■ The data:
+--

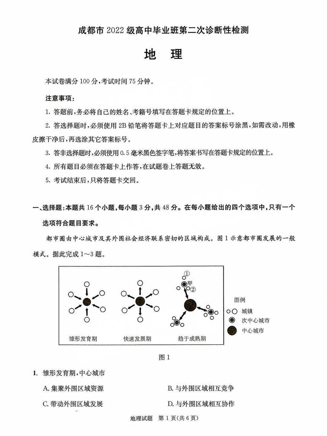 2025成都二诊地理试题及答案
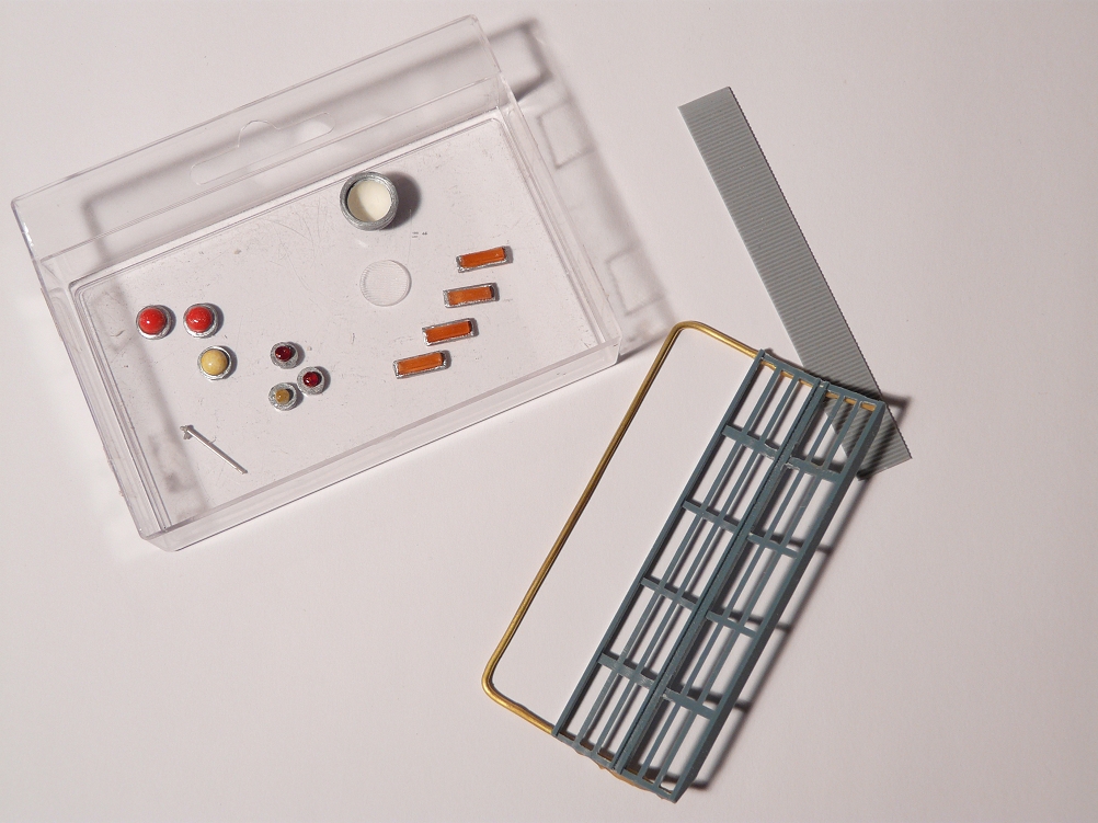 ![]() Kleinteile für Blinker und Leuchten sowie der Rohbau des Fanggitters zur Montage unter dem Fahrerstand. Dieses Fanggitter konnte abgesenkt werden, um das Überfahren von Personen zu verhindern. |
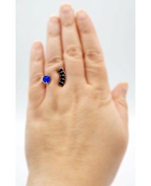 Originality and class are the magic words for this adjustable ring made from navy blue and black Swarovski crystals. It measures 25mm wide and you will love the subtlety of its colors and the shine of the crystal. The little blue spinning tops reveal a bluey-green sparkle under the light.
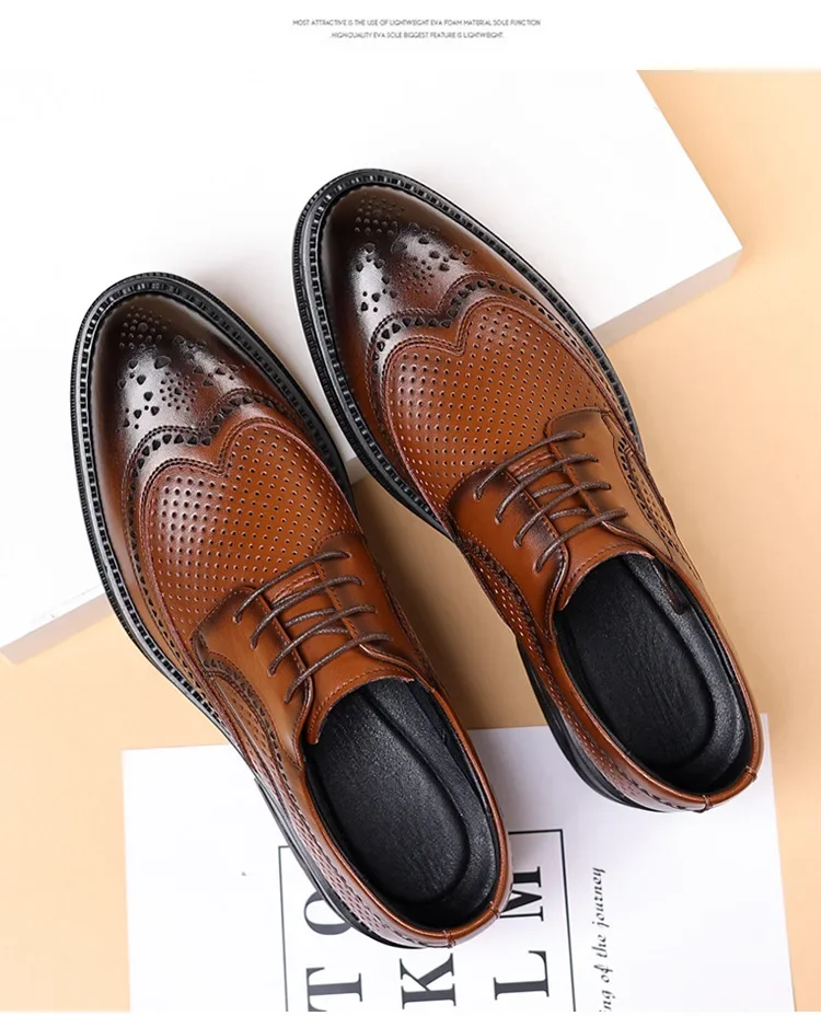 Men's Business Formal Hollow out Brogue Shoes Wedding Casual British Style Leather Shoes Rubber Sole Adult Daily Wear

+--

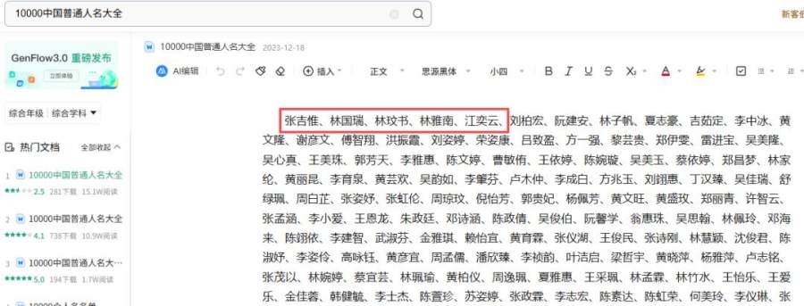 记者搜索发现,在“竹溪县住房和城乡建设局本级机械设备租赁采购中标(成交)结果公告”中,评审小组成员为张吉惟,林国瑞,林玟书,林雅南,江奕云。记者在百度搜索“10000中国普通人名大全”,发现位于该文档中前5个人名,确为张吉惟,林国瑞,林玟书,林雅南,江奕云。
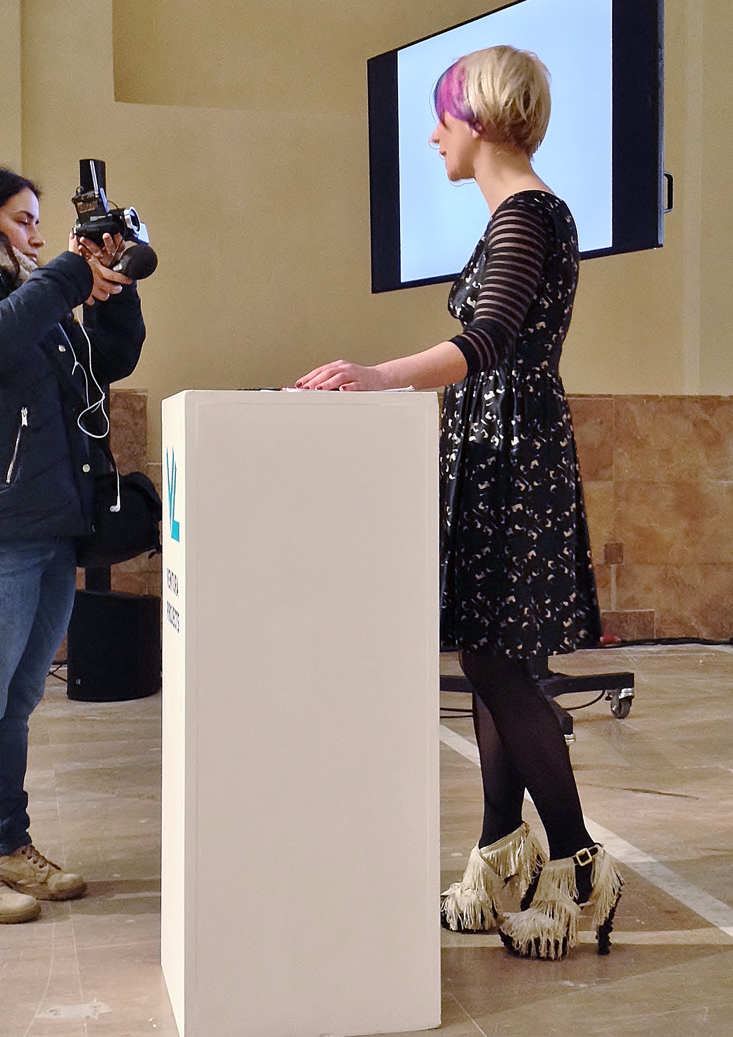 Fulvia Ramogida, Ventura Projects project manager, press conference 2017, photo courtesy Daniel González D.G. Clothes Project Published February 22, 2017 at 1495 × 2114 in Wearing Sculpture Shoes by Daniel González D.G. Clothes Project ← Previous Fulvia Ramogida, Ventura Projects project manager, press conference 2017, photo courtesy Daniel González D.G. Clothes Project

+--

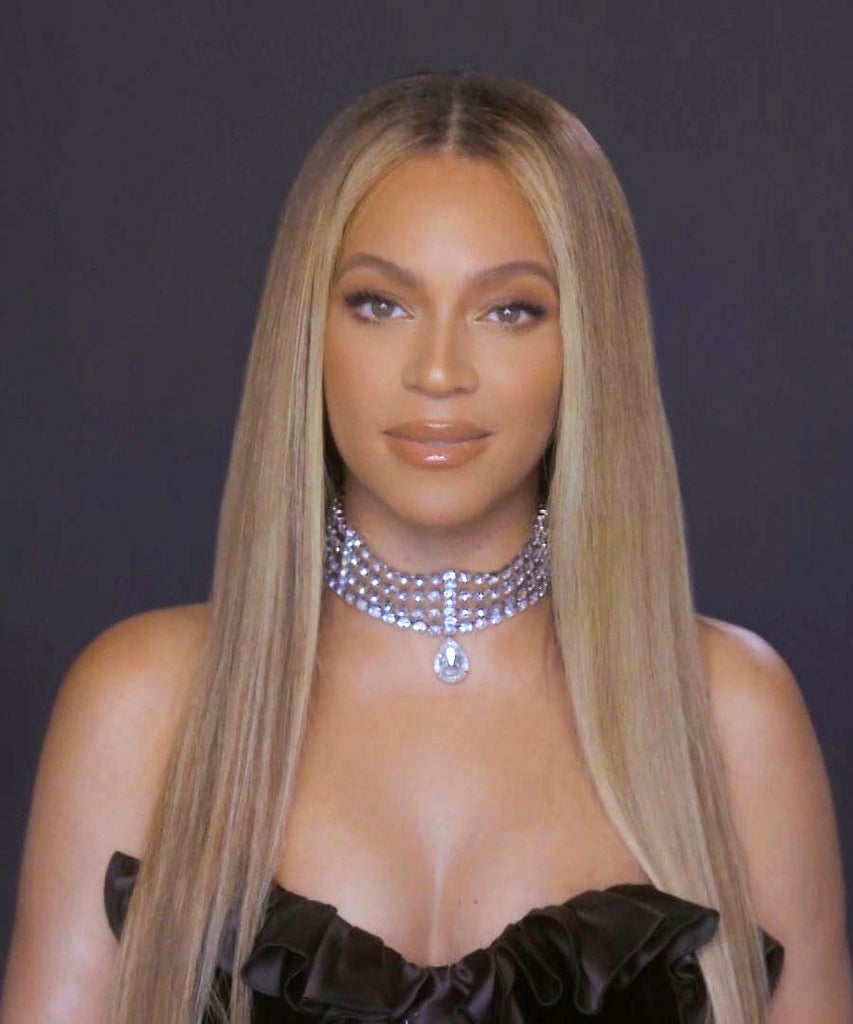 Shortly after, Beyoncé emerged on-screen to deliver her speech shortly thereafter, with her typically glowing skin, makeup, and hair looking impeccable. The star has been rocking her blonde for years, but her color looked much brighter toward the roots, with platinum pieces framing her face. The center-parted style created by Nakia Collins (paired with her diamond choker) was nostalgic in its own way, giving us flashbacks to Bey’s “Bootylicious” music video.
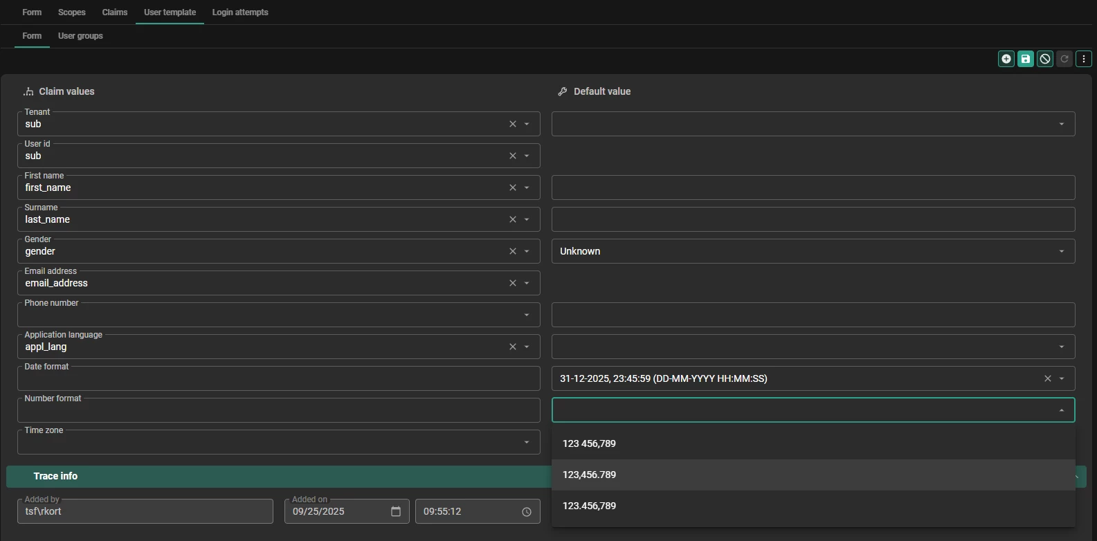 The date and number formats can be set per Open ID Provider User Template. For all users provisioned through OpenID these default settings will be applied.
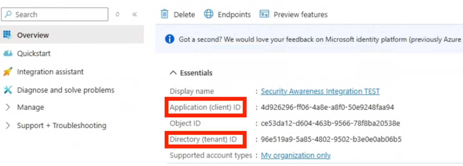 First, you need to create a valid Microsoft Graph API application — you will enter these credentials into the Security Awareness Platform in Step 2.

+--

■ Task requirements: Reproduce the lines above starting at the one with "zu verhindern. |" and ending at the one with "Originality and class", both included, exactly and with no pictures.

■ Task answer:
 ![]() Kleinteile für Blinker und Leuchten sowie der Rohbau des Fanggitters zur Montage unter dem Fahrerstand. Dieses Fanggitter konnte abgesenkt werden, um das Überfahren von Personen zu verhindern. |
 Originality and class are the magic words for this adjustable ring made from navy blue and black Swarovski crystals. It measures 25mm wide and you will love the subtlety of its colors and the shine of the crystal. The little blue spinning tops reveal a bluey-green sparkle under the light.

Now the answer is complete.